So there are at least 3 types of writes and from slowest to fastest they are read-modify-write, commutative-write, blind-write. Hopefully these optimizations will become more common in new database engines. From the write operation there shouldn't be a performance difference between commutative-write and blind-write. But the query latency for a row subject to commutative-write can be much worse than for blind-write because many old updates might have to be read and merged.
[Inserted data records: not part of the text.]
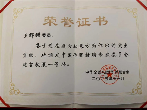 王辉耀荣获中国侨联特聘专家建言献策一等奖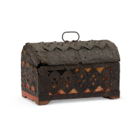 Embossed and engraved metal with openwork decoration and fabric.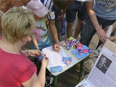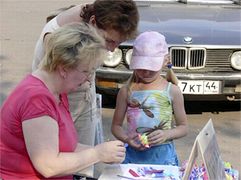 【明慧网2006年8月1日】在俄罗斯卡斯特拉玛市(Kastroma)的伏尔加(Volga)河岸边,当地法轮功学员举办了向市民和游客讲真相活动。现场有的学员一边教人折叠纸莲花一边向民众讲真相,旁边还摆放了揭露中共活体摘取法轮功学员器官罪行和其它迫害真相的展板;有的学员发资料,还有的演示法轮功五套功法。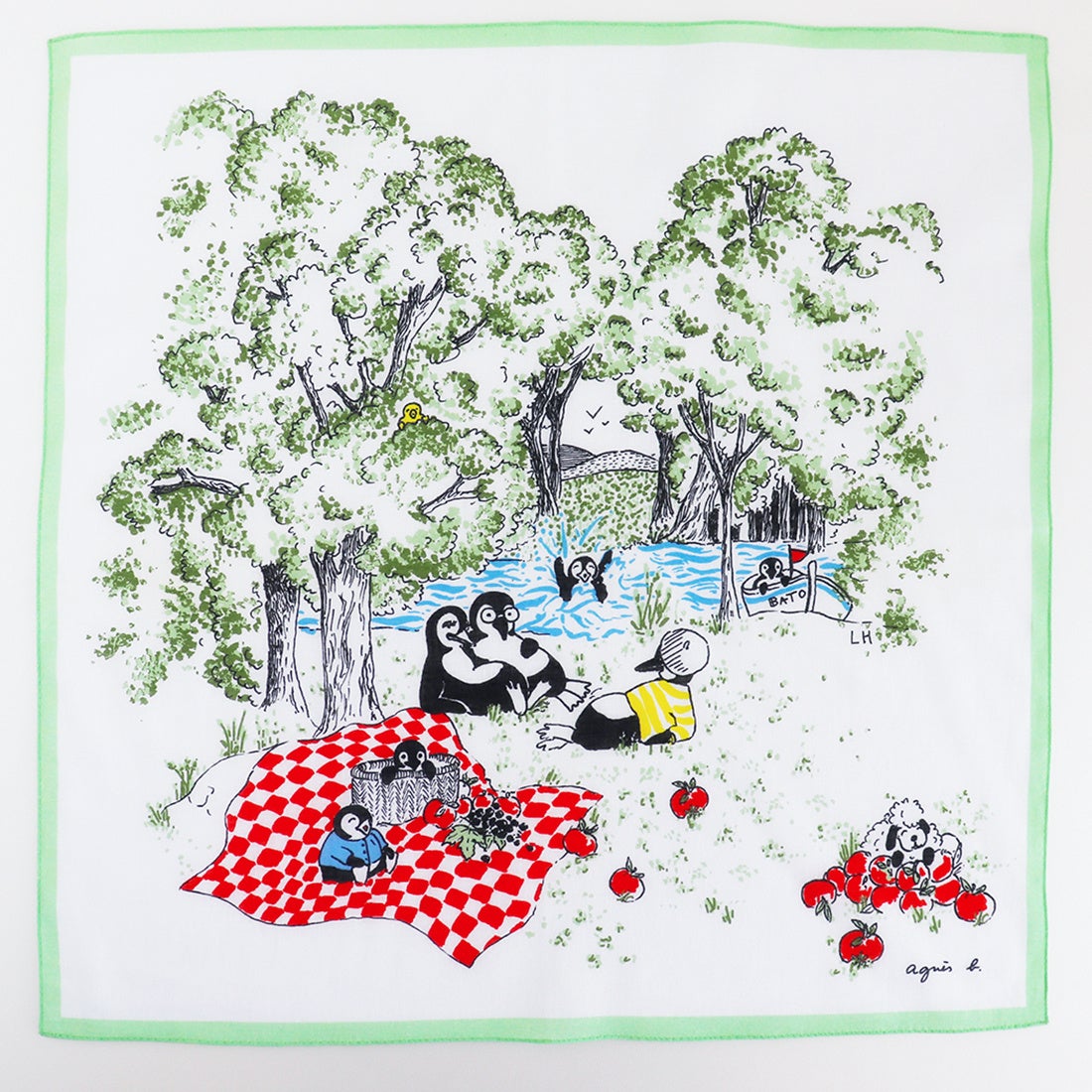 agnès b.の新作ハンカチーフは、都会を離れ、自然の中でくつろぐ癒しのひとときをイメージしたデザインで、親子でも楽しめるコミカルなイラストが印象的です。テーマカラーのグリーンが効いた一枚。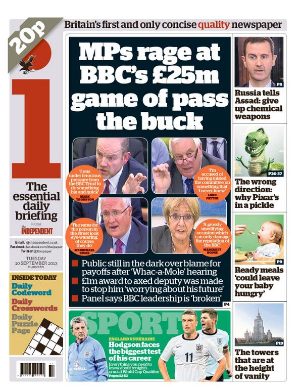 Tuesday's i: "MPs rage at BBC's £25m game of pass the buck" pic.twitter.com/IJCCjwWF9v - via @suttonnick #TomorrowsPapersToday #BBCPapers

More details on disk IO-bound, update only for MongoDB, TokuMX and InnoDB

This has a few more details on the results for update-only sysbench using a disk IO-bound workload. I describe the impact from changing innodb_flush_neighbors. The parameter can be set to write back some dirty pages early when other pages in the same extent must be written back. The goal is to reduce the number of disk seeks consumed by page writeback and this can help on disk based servers.
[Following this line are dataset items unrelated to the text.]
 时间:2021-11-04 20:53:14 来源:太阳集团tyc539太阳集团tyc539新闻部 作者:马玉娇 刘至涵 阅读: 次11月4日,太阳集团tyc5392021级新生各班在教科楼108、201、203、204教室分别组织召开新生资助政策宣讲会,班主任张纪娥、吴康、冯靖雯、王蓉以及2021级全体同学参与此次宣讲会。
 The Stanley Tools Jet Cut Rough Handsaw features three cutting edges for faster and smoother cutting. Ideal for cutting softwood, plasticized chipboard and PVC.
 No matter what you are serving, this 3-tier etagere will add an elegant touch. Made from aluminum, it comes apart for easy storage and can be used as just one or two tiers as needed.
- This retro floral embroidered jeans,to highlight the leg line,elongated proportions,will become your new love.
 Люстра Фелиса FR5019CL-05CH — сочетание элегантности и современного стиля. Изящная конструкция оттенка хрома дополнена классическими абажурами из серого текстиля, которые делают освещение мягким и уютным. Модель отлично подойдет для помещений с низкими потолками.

There might be a small impact from changing innodb_flush_neighbors on this workload from both the TPS results and the amount of data written to disk per update. In a previous blog post I explained the impact of this parameter on the insert benchmark for pure-disk servers. The benefit there was much greater than here. I think there are fewer dirty pages per extent in this workload because the database is much larger than RAM so the feature is less likely to be used.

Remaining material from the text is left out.